Measuring CUDA ISP API performance using GstShark and GstPerf

From RidgeRun Developer Wiki


Previous: Performance/Library Index Next: Contact Us






GStreamer elements performance

To measure the performance, we have used two of our GStreamer tools: GstShark and GstPerf.

For testing purposes, take into account the following points:

  • Maximum performance mode enabled: all cores and Jetson clocks enabled.
  • Jetpack 4.6
  • A patch was applied to v4l2src to enable bayer10 captures. You can see how to apply the patch in this link: Apply patch to v4l2src

In summary:

Jetson Orin (2472x2064) Jetson Xavier AGX (+1080p) Jetson Xavier NX (4K) Jetson Nano (4K)
Element cudashift cudadebayer cudaawb cudadebayer cudaawb cudashift cudadebayer cudaawb cudashift cudadebayer cudaawb
Output bayer 8 RGB I420 RGB I420 RGB I420 RGB I420 bayer 8 RGB I420 RGB I420 bayer 8 RGB I420 RGB I420
FPS 1382 1063 861 1800 1022 539 458 752 473 396 228 187 370 202 92 51 36 91 38
Processing time (milliseconds) 0.7237 0.9411 1.161 0.5557 0.9781 1.854 2.183 1.329 2.111 2.522 4.389 5.353 2.698 4.952 10.886 19.484 27.696 10.961 26.022

Jetson Orin

In this case, the patch for v4l2src was modified to enable captures in bayer 12. The processing time and FPS were measured with an input image with 2472x2064 resolution from a camera sensor for all the elements.
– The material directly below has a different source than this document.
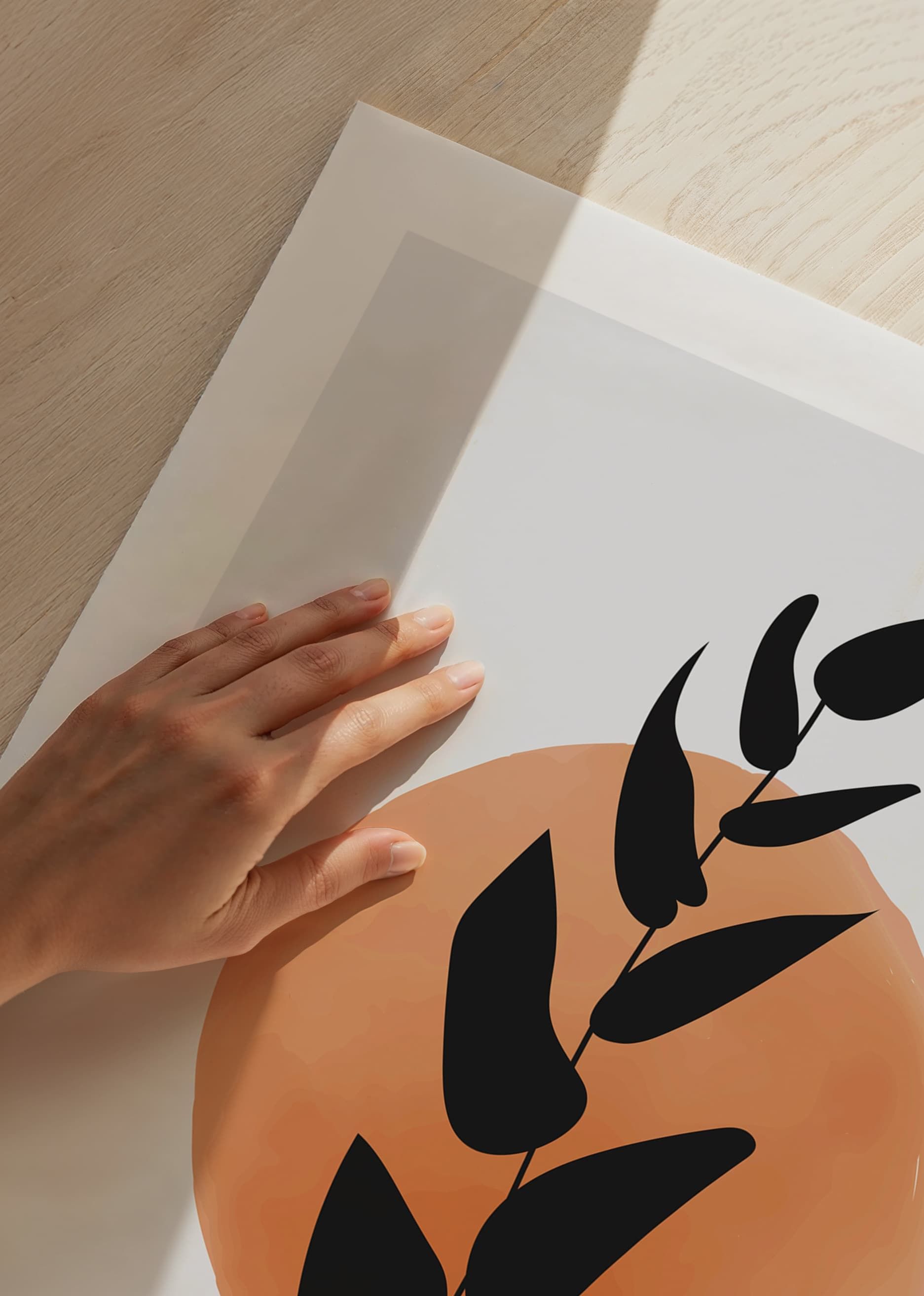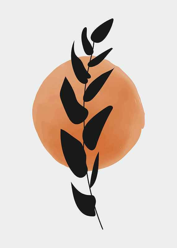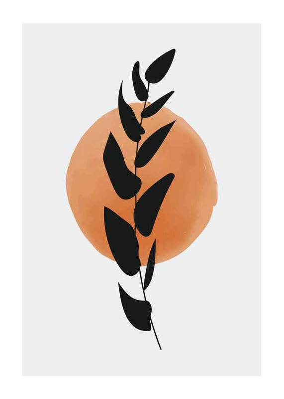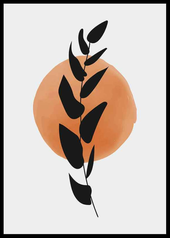 The motif consists of a stylized, black leaf branch placed in front of a softly painted circle in orange watercolor on a light background. The graphic shapes and simple color choices create a modern expression. This poster gives a subtle artistic feel and fits well in both the living room and hallway.

The following pipeline measured the processing time and FPS for the cudashift element.

GST_DEBUG="GST_TRACER:7" GST_TRACERS="proctime" gst-launch-1.0 -ve v4l2src io-mode=userptr ! 'video/x-bayer, bpp=12, width=2472, height=2064, format=rggb' ! cudashift shift=5 ! fakesink

The following pipeline was used to test the cudadebayer and cudaawb elements with an RGB image as output.

GST_DEBUG="GST_TRACER:7" GST_TRACERS="proctime" gst-launch-1.0 -ve v4l2src io-mode=userptr ! 'video/x-bayer, bpp=12, width=2472, height=2064, format=rggb' ! cudadebayer ! cudaawb ! 'video/x-raw, format=RGB' ! fakesink

The following pipeline was used to test the cudadebayer and cudaawb elements with an I420 image as output.

GST_DEBUG="GST_TRACER:7" GST_TRACERS="proctime" gst-launch-1.0 -ve v4l2src io-mode=userptr ! 'video/x-bayer, bpp=12, width=2472, height=2064, format=rggb' ! cudadebayer ! cudaawb ! 'video/x-raw, format=I420' ! fakesink

The following image shows a plot with the processing time for all elements:




CUDA ISP library
CUDA ISP library




Jetson Xavier AGX

The processing time and FPS were measured with an input image with +1080p resolution from a camera sensor for all the elements.

The following pipeline was used to test the cudadebayer and cudaawb elements with an RGB image as output.

GST_DEBUG="GST_TRACER:7" GST_TRACERS="proctime" gst-launch-1.0 -ve v4l2src io-mode=userptr ! 'video/x-bayer, bpp=10, width=1920, height=1200, format=grbg' ! cudadebayer ! cudaawb ! 'video/x-raw, format=RGB' ! fakesink

The following pipeline was used for the cudadebayer and cudaawb elements with an I420 image as output.

GST_DEBUG="GST_TRACER:7" GST_TRACERS="proctime" gst-launch-1.0 -ve v4l2src io-mode=userptr ! 'video/x-bayer, bpp=10, width=1920, height=1200, format=grbg' ! cudadebayer ! cudaawb ! 'video/x-raw, format=I420' ! fakesink

The following image shows a plot with the processing time for all elements:




CUDA ISP library
CUDA ISP library




Jetson Xavier NX

The processing time and FPS were measured with an input image with 4K resolution from a camera sensor for all the elements.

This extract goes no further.